→ **Requirement**
Exactly as written, reproduce the lines from the beginning of the data through the line containing "En la portada"; the pictures are not reproduced.

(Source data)
[Start of section]

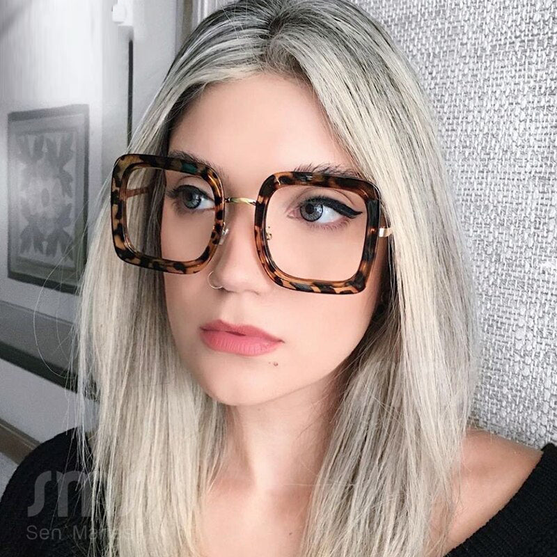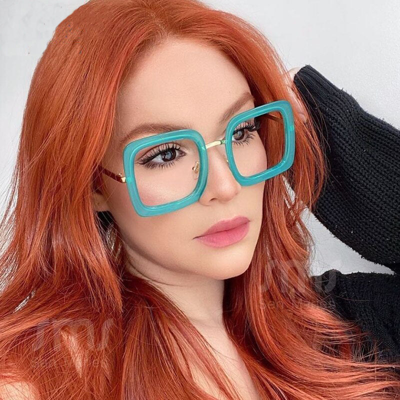 Women Anti Blue Light Computer Glasses Oversized Square Eyeglasses Eyewear Optical Frames UV400
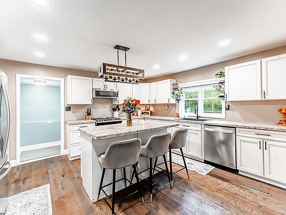 Large deckGenerous fenced in yardBright kitchenBathroom with double sinks
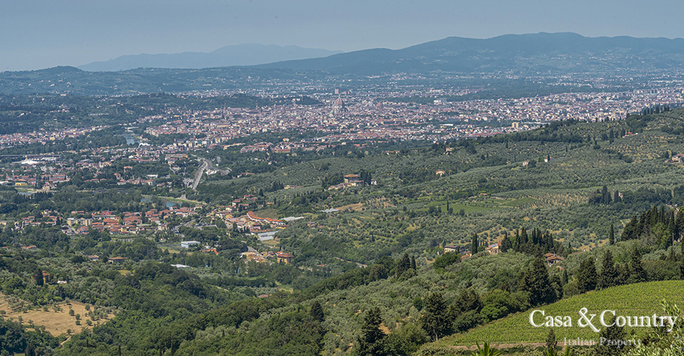 Set in the exclusive hills immediately above Florence, this distinguished villa enjoys commanding views across the skyline of Florence, with its celebrated Duomo and Renaissance monuments framed against the Tuscan landscape.
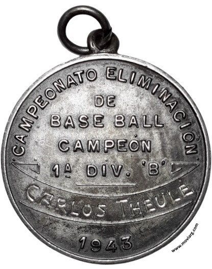 Anverso: CLUB DE GIMNASIA Y ESGRIMA / MENS SANA IN CORPORE SANO / B. AIRES. Campo: CGE Reverso: CAMPEONATO ELIMINACIÓN / DE / BASE BALL / CAMPEÓN / 1A. DIV. 'B' / [ CARLOS THEULE ] / 1943 Canto: Liso. PLATA Referencia: | |
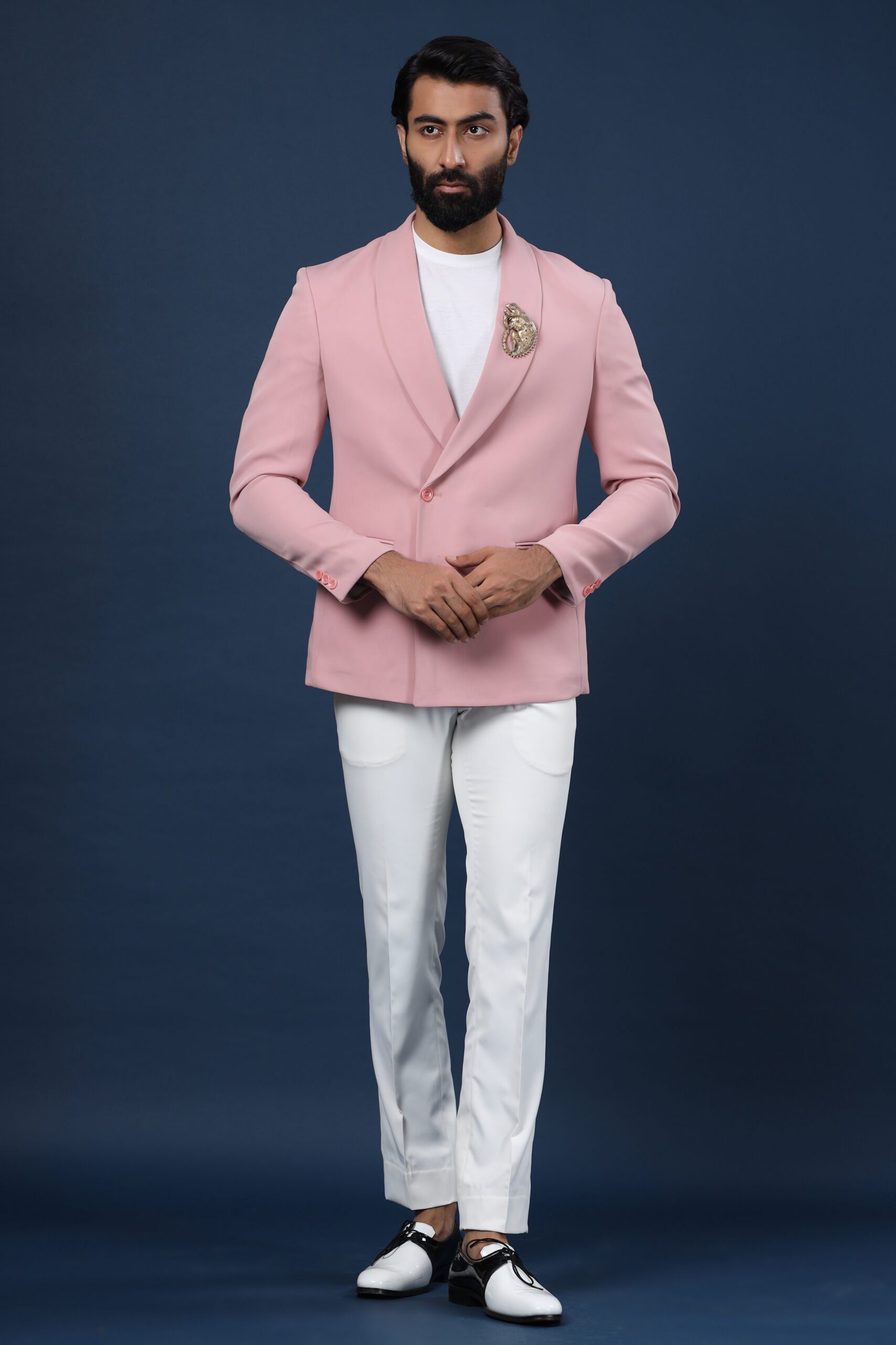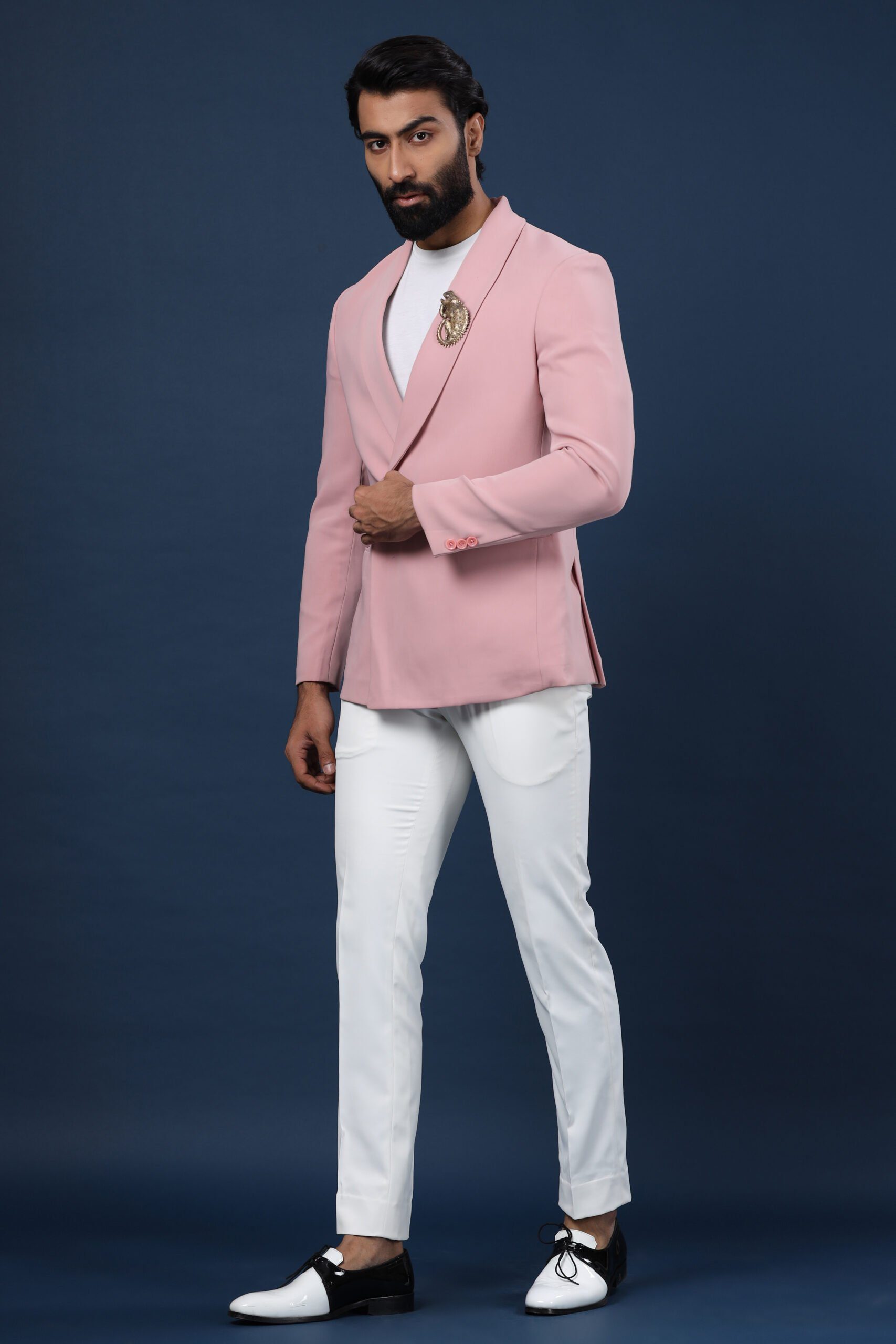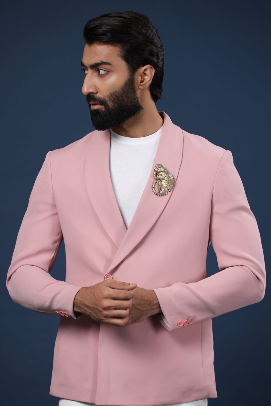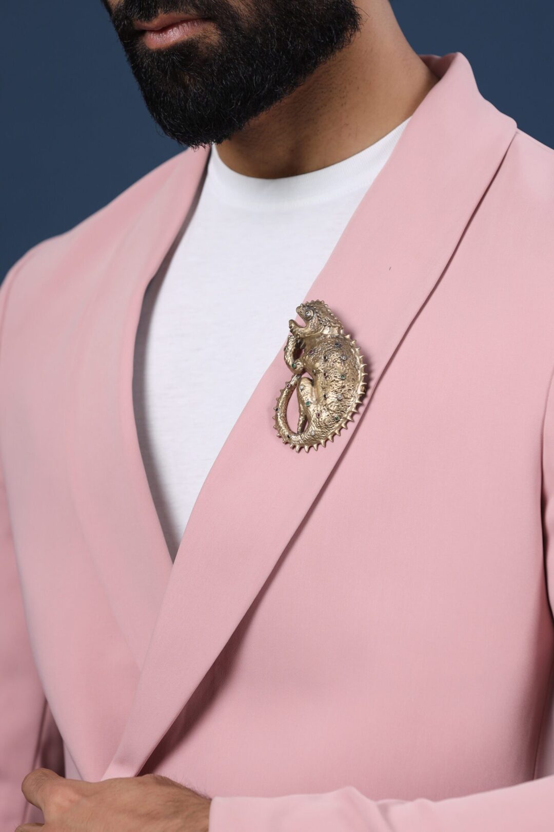 Dyed in the perfect peach hues, the Alexander jacket with shawl lapel collars oozes charm that one can easily fall for. This is a state-of-the-art fashion apparel handcrafted with love. When paired with the Chameleon brooch, this jacket is sure to add a heartwarming touch to your aura.
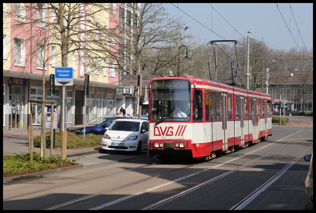 Tram 1014 der DVG ist am 23.3.2022 am Beginn der Strecke am Bahnhof Dinslaken gestartet und ist hier in Richtung Duisburg auf der Friedrich Ebert Straße in Dinslaken unterwegs.
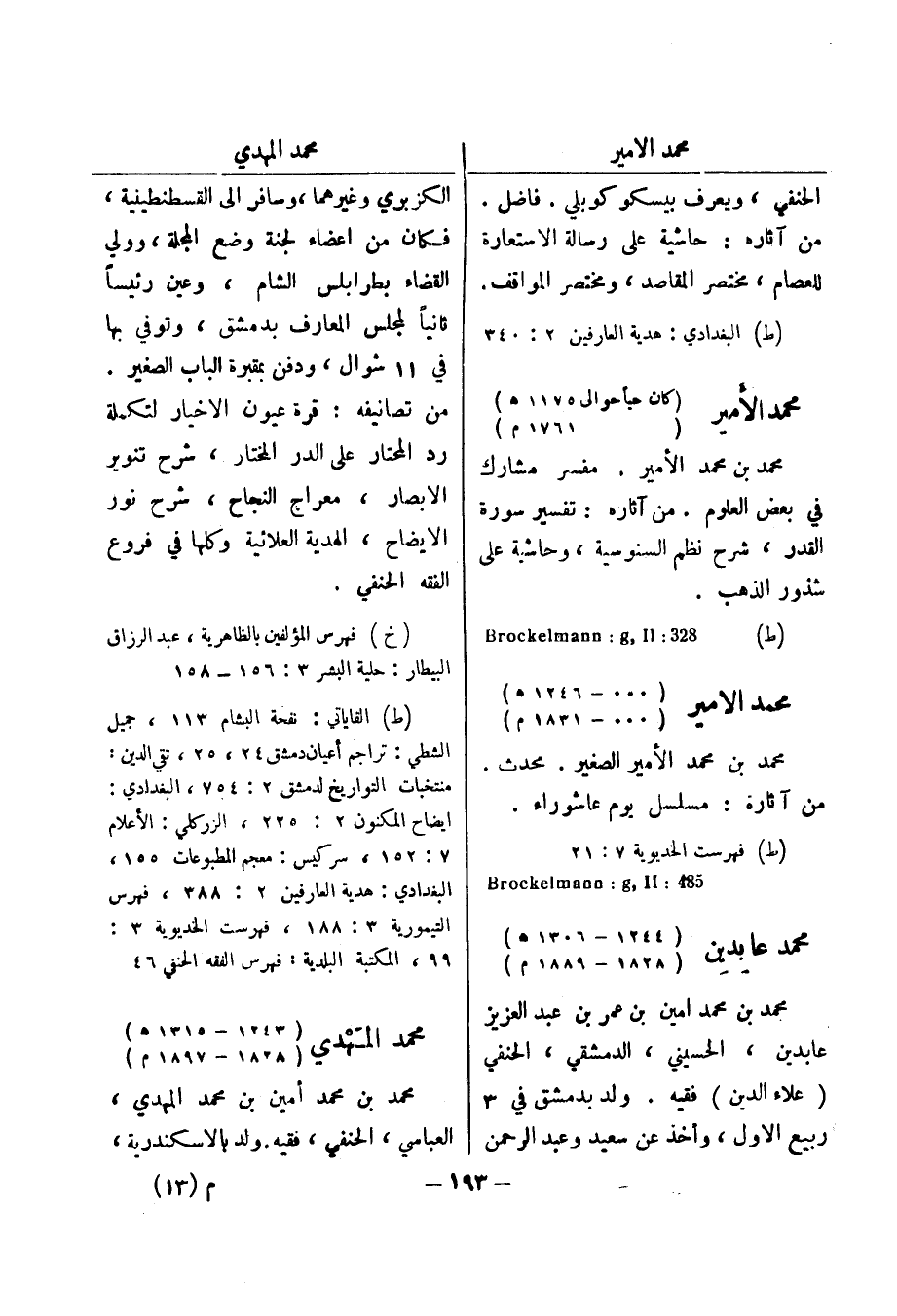 (ط) فهرست الخديوية 7: 21 485: Brockelmann: g , II محمد عابدين (1244 - 1306 هـ) (1828 - 1889 م) محمد بن محمد امين بن عمر بن عبد العزيز عابدين، الحسيني، الدمشقي، الحنفي (علاء لدين) فقيه.
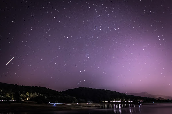En la portada has podido ver la Vía Láctea y en estas fotos siguientes verás la constelación de la Osa Mayor y otras fotos de estrellas , que como podrás comprobar tienen bastante contaminación lumínica porque están hechas en el embalse de la Jarosa en la Sierra de Guadarrama, próximo a Madrid.
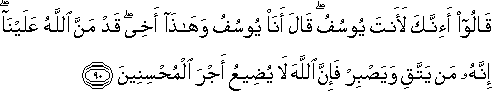 | 12.90 | They said: Is it indeed thou who art Joseph? He said: I am Joseph and this is my brother. Allah hath shown us favour. Lo! he who wardeth off (evil) and endureth (findeth favour); for lo! Allah loseth not the wages of the kindly. | Qālū 'A'innaka La'anta Yūsufu Qāla 'Anā Yūsufu Wa Hadhā 'Akhī Qad Manna Allāhu `Alaynā 'Innahu Man Yattaqi Wa Yaşbir Fa'inna Allāha Lā Yuđī`u 'Ajra Al-Muĥsinīna |
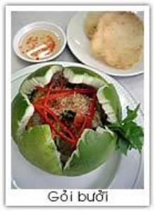 Goi Buoi | Recipes Wiki | Fandom peanut, mint, coriander, pomelo, carrot, cucumber, crab, fish sauce Mix the ingredients, toss them in a bowl and add condiments if needed. Categories Categories : Vietnamese Meat Dishes Vietnamese Salads Crab Recipes Chicken breast Recipes Cucumber Recipes Min...

[End of section]

→ **Finished exercise**
 Women Anti Blue Light Computer Glasses Oversized Square Eyeglasses Eyewear Optical Frames UV400
 Large deckGenerous fenced in yardBright kitchenBathroom with double sinks
 Set in the exclusive hills immediately above Florence, this distinguished villa enjoys commanding views across the skyline of Florence, with its celebrated Duomo and Renaissance monuments framed against the Tuscan landscape.
 Anverso: CLUB DE GIMNASIA Y ESGRIMA / MENS SANA IN CORPORE SANO / B. AIRES. Campo: CGE Reverso: CAMPEONATO ELIMINACIÓN / DE / BASE BALL / CAMPEÓN / 1A. DIV. 'B' / [ CARLOS THEULE ] / 1943 Canto: Liso. PLATA Referencia: | |
 Dyed in the perfect peach hues, the Alexander jacket with shawl lapel collars oozes charm that one can easily fall for. This is a state-of-the-art fashion apparel handcrafted with love. When paired with the Chameleon brooch, this jacket is sure to add a heartwarming touch to your aura.
 Tram 1014 der DVG ist am 23.3.2022 am Beginn der Strecke am Bahnhof Dinslaken gestartet und ist hier in Richtung Duisburg auf der Friedrich Ebert Straße in Dinslaken unterwegs.
 (ط) فهرست الخديوية 7: 21 485: Brockelmann: g , II محمد عابدين (1244 - 1306 هـ) (1828 - 1889 م) محمد بن محمد امين بن عمر بن عبد العزيز عابدين، الحسيني، الدمشقي، الحنفي (علاء لدين) فقيه.
En la portada has podido ver la Vía Láctea y en estas fotos siguientes verás la constelación de la Osa Mayor y otras fotos de estrellas , que como podrás comprobar tienen bastante contaminación lumínica porque están hechas en el embalse de la Jarosa en la Sierra de Guadarrama, próximo a Madrid.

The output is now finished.